What the exercise asks –
Your task is to copy the records that follow exactly, minus any images.

Raw data Start Marker

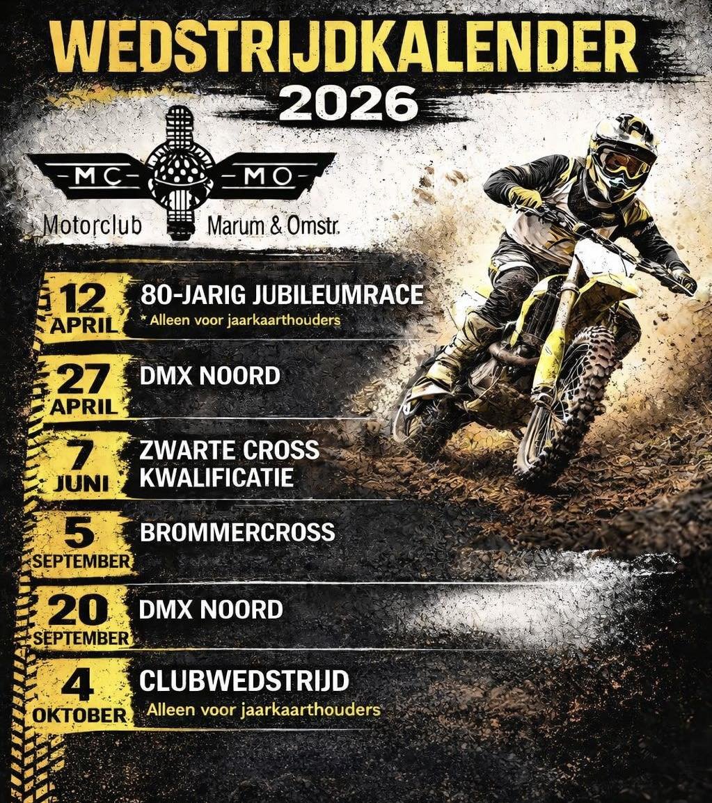 Het wedstrijd programma van Motorclub Marum & Omstreken voor seizoen 2026.
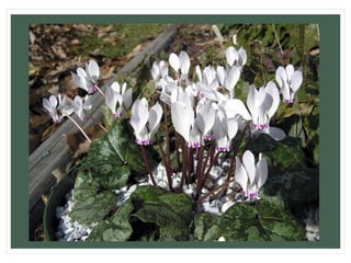The document summarizes various plant species found in Northern Cyprus, including trees, shrubs, flowers, and fruits. Some of the plants discussed include pine trees, olive trees, citrus trees, tulips, eucalyptus trees, junipers, and oak trees. The vegetation in Northern Cyprus is shaped by the Mediterranean climate and includes evergreen and deciduous species. Around 1900 varieties of plants grow naturally on the island.
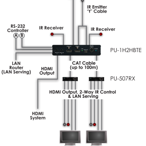 Ermöglicht es, eine HDMI1.4/ HDCP1.1 Signalquelle auf 2 HDBaseT Ausgänge und 1 HDMI Wiedergabegerät auszugeben. Übertragung von HDMI, LAN, PoE, IR und RS232 bis 100m via CAT5e, CAT6 und CAT7 und max. 10.2 Gbps möglich. Kann nur mit den PU-507-RX, PU-507-RXSCD, PU-507-RX2H, PU-507-RX2HCD, PU-HBTE-ZE und PU-507-WPRX verwendet werden.
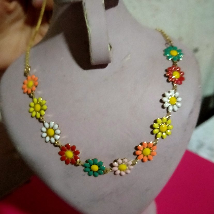 Renkli boncuklarla işlenmiş, çiçek desenli midi uzunlukta bohem tarzda parti kolyesi.
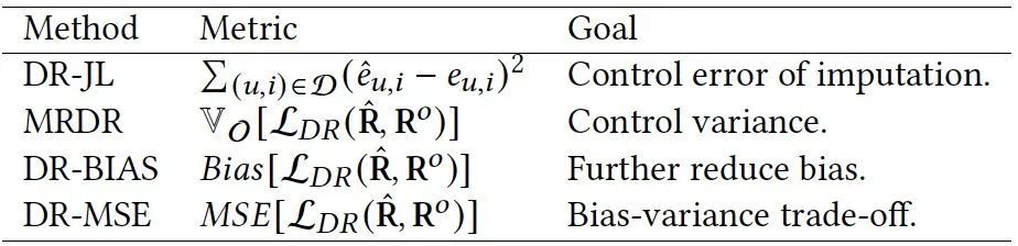 尽管DR方法通常与EIB和IPS估计器相比更有优势,但仍有一些担忧。通过对DR估计器的理论分析表明:偏差、方差和泛化界都取决于由倾向得分的倒数加权的误差推断模型的误差偏离。这是一个令人担忧的结果,因为在未点击的事件中,倾向于使用大的倾向性加权,而由于选择偏差和数据稀少,误差推断模型的误差偏差在未点击的事件中很可能是不准确的。这表明,在未点击事件中,在不准确的推断误差下,偏差、方差和泛化边界可能仍然很大。最近,一些方法,主要包括双重稳健联合学习
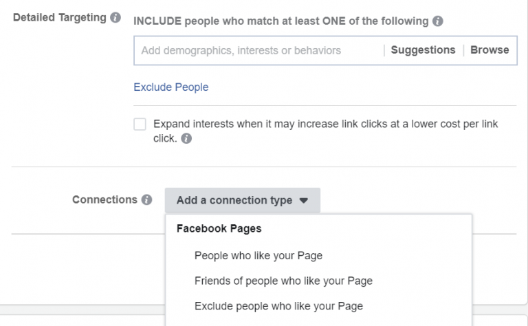 페이스북 페이지 좋아요 타겟팅은 매우 간단합니다. 캠페인의 광고 세트 수준에는 ‘연결’ 섹션이 있습니다:
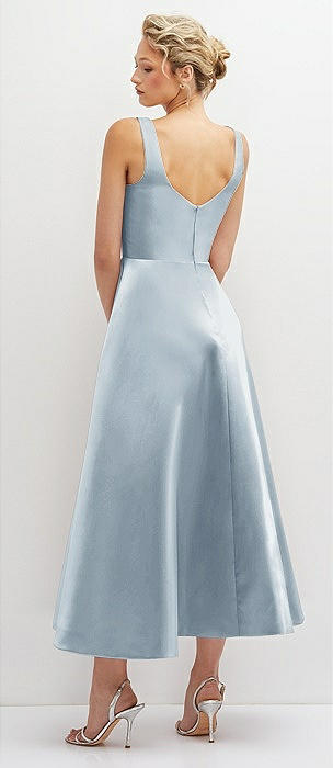 Square Neck Satin Midi Dress with Full Skirt & Pockets in mist

Raw data End Marker

The completed task –
 Het wedstrijd programma van Motorclub Marum & Omstreken voor seizoen 2026.
The document summarizes various plant species found in Northern Cyprus, including trees, shrubs, flowers, and fruits. Some of the plants discussed include pine trees, olive trees, citrus trees, tulips, eucalyptus trees, junipers, and oak trees. The vegetation in Northern Cyprus is shaped by the Mediterranean climate and includes evergreen and deciduous species. Around 1900 varieties of plants grow naturally on the island.
 Ermöglicht es, eine HDMI1.4/ HDCP1.1 Signalquelle auf 2 HDBaseT Ausgänge und 1 HDMI Wiedergabegerät auszugeben. Übertragung von HDMI, LAN, PoE, IR und RS232 bis 100m via CAT5e, CAT6 und CAT7 und max. 10.2 Gbps möglich. Kann nur mit den PU-507-RX, PU-507-RXSCD, PU-507-RX2H, PU-507-RX2HCD, PU-HBTE-ZE und PU-507-WPRX verwendet werden.
 Renkli boncuklarla işlenmiş, çiçek desenli midi uzunlukta bohem tarzda parti kolyesi.
 尽管DR方法通常与EIB和IPS估计器相比更有优势,但仍有一些担忧。通过对DR估计器的理论分析表明:偏差、方差和泛化界都取决于由倾向得分的倒数加权的误差推断模型的误差偏离。这是一个令人担忧的结果,因为在未点击的事件中,倾向于使用大的倾向性加权,而由于选择偏差和数据稀少,误差推断模型的误差偏差在未点击的事件中很可能是不准确的。这表明,在未点击事件中,在不准确的推断误差下,偏差、方差和泛化边界可能仍然很大。最近,一些方法,主要包括双重稳健联合学习
 페이스북 페이지 좋아요 타겟팅은 매우 간단합니다. 캠페인의 광고 세트 수준에는 ‘연결’ 섹션이 있습니다:
 Square Neck Satin Midi Dress with Full Skirt & Pockets in mist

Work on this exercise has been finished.